Cuando el fútbol era el nexo de unión familiar
Hubo un tiempo, no tan lejano pero que hoy parece pertenecer a otro mundo, en el que el fútbol no era solo un deporte, sino un vínculo, un ritual que unía a las familias y a los amigos alrededor de una mesa. Era la época en la que el sonido del pitido inicial se mezclaba con el aroma de la cena recién hecha, cuando los padres, hijos, cuñados, hermanos y amigos se reunían a las nueve de la noche para ver el único partido en abierto de la jornada.
En aquellos días, el fútbol era más sentimiento que negocio, más pasión que mercado. No existían horarios fragmentados ni canales de pago que obligaran a elegir entre la economía doméstica y la afición. Bastaba con encender el televisor, servir unas viandas sencillas —un buen plato de embutidos, unas tapas caseras y alguna cerveza fría— y disfrutar, juntos, de noventa minutos que parecían sagrados. Era un momento de comunión, donde las discusiones futboleras se vivían con respeto y las alegrías y decepciones se compartían como familia.
Los estadios, por su parte, desprendían otro aroma: el del linimento, el Réflex y los aceites que impregnaban el ambiente de vestuario. Sobre el césped, hombres con bigotes y melenas largas, sin gominas ni peinados de pasarela, corrían por campos embarrados, bajo la lluvia, con camisetas que pesaban más con cada gota de agua. El fútbol era auténtico, imperfecto y profundamente humano.
Pero ese mundo comenzó a cambiar. Llegó la televisión de pago, se multiplicaron los horarios y se perdió la rutina del sábado por la noche en familia. El sueño de convertirse en el emblema de tu equipo se fue difuminando, sustituido por el deseo de “ser futbolista por la pasta”. El fútbol dejó de oler a barro y a sudor y comenzó a oler a negocio, a contratos millonarios y a publicidad.
Lo que antes era unión se convirtió en fragmentación. Las familias ya no se reúnen en torno a una mesa para compartir un partido; cada cual lo ve —si puede pagarlo— desde su propia pantalla, en soledad, sin el calor de aquellos debates que se alargaban hasta la madrugada. El fútbol, que fue motor de felicidad y fraternidad, ha entrado en una era de infelicidad emocional, donde las gradas parecen escenarios y los jugadores modelos de pasarela.
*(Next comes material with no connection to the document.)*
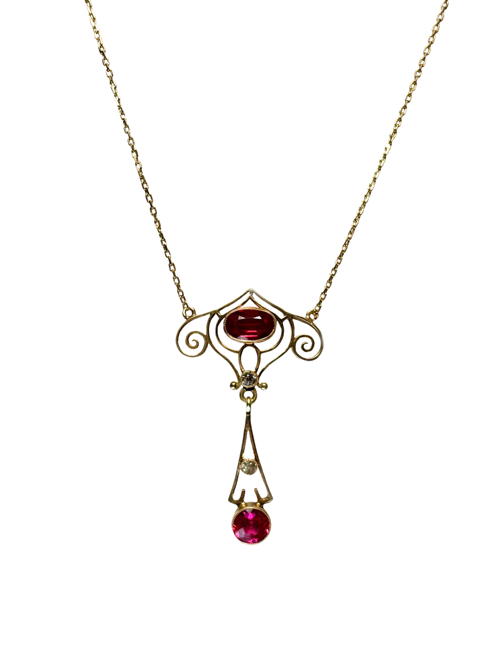 Tento nádherný náhrdelník je zlatnickým uměleckým dílem s retro nádechem, který čerpá inspiraci ze secesního stylu. Přívěsek má propracovaný ornamentální tvar se zakřivenými liniemi a je ozdoben dvěma výraznými syntetickými rubíny a dvěma menšími brilianty (routy). Ručně zpracované detaily a visací část přívěsku dodávají šperku lehkost i výraznost.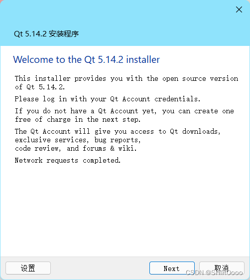 $ ./qt-opensource-linux-x64-5.14.2.run创建Qt账户获取授权 即可安装

Ese fútbol de mesa de los sábados, el que nos enseñó a amar y a soñar, murió silenciosamente, dejando paso a un fútbol globalizado, mercantilizado y frío.
Hoy, mientras miramos hacia atrás con nostalgia, no podemos evitar preguntarnos:
¿Dónde quedó aquel fútbol que era capaz de unir a toda una familia en torno a una mesa y a un balón?